SB, yes, slowing construction is good for home pricing, as it reduces the rate of buildup of inventory, with its negative impact on pricing.

But, slowing construction is bad for the construction guy losing his job, bad for Home Depot and Macy's that sell fewer appliances and furnishings, bad for the mortgage broker who has fewer homes to finance, etc. Not good at all, for employment/wherewithal to pay. Reduced employment and wherewithal to pay is a major, major factor that will negatively impact the real estate market beginning in '07.

Then, home prices will really come down, despite fewer homes coming online.

Just my read of the future lay of the land.

Submitted by powayseller on December 31, 2006 - 4:37pm.

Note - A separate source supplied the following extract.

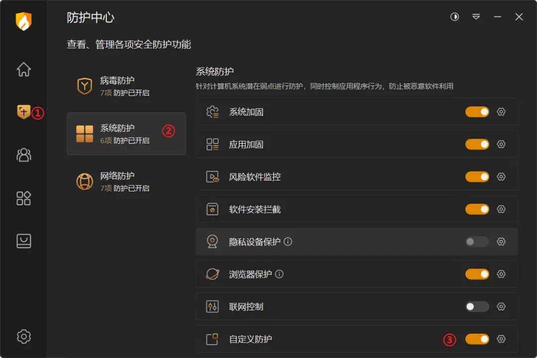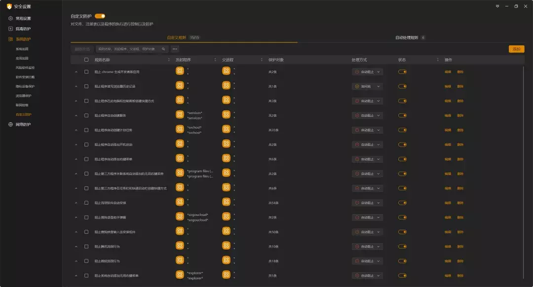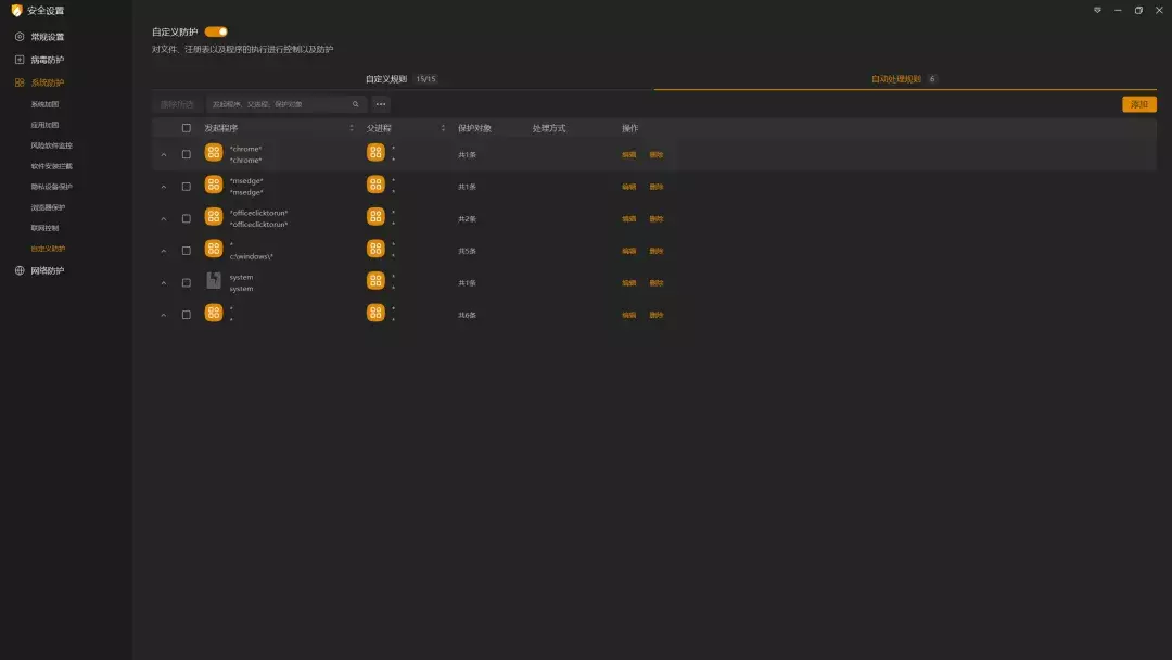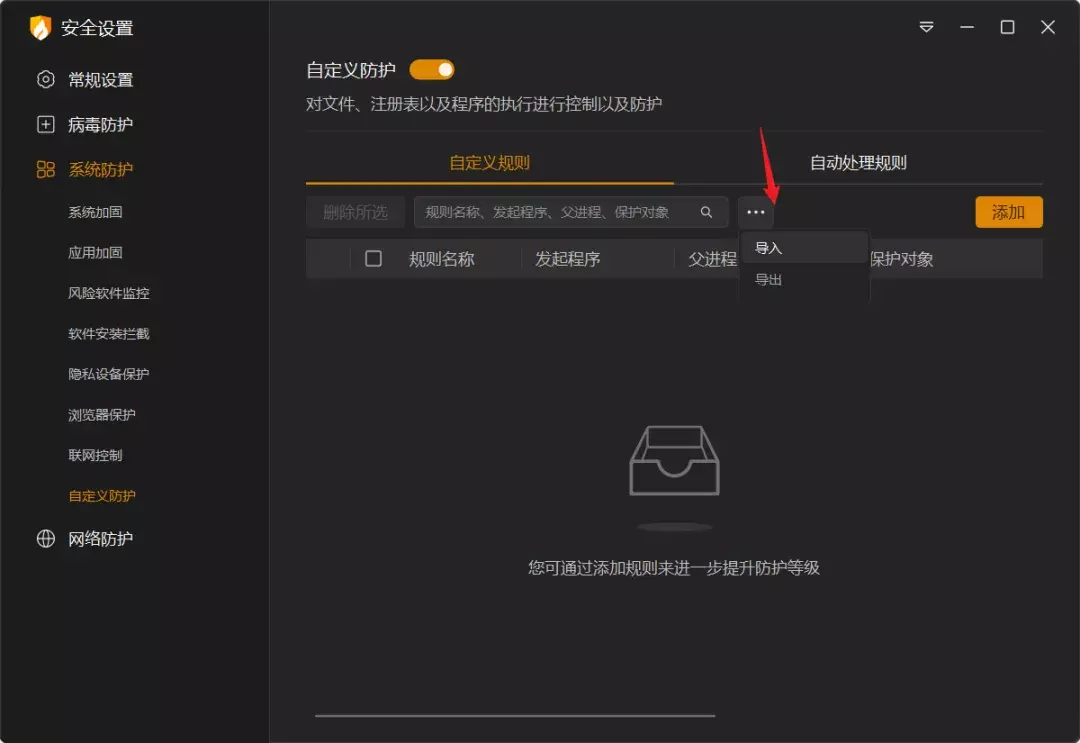 使用方法:点击防护中心图标→系统防护→自定义防护,将开关开启。然后点击旁边的设置按钮,这里面有自定义规则和自动处理规则,我们分别导入。

lostkitty, this is my laywoman's comments on what could prevent a refinance:
1) current value is less than borrower's home value, due to falling home value and too much equity withdrawn
2) borrower has at least one mortgage late payment, so lenders don't want to touch him
3) borrower's income is too low for a loan at today's 6% rate; he could qualify when Fed funds rate was 1%, 2%, 3%, 4%, but not at today's Fed funds rate of 5.25%
4) prepayment penalty of $10K or higher; I know several people who cited this as a reason they are delaying refinance; they hope the Fed will lower interest rates next year and by then their prepayment penalty will be expired
5) no money to pay closing costs. Closing fees are 1% or more of the loan amount, and cash-poor people have to put the closing fees into the loan amount. If the home's value is too low, they cannot fold in the closing costs, so basically, they lack the money to pay for a new loan
6) Once the State of CA follows the other 20 states that have adoped the new lending guidelines, many people will just not qualify for another loan they could afford
7) Borrower lost his job, because he's in construction, real estate, lending. No job, no loan. Thousands of construction workers are already laid off.
8) Borrower has too much debt, so the debt/income ratio is too high for a new loan. Maybe they took out a HELOC, car loan, and now their expenses are too high.

Nonetheless, there are still plenty of people refinancing, as proven by the Mortgage Banker Association Refinance Index.

It's interesting that Fannie Mae (or Freddie Mac) said that 88% of their refis this year are at a higher interest rate, so people are refinancing into more expensive loans just to get cash out. (The CEO did not say it was to transfer from a lower cost adjustable loan into a more expensive fixed rate loan - he specifically said it indicated cashing out. So he may be referring to conforming loans which refinanced, rather than all loans.)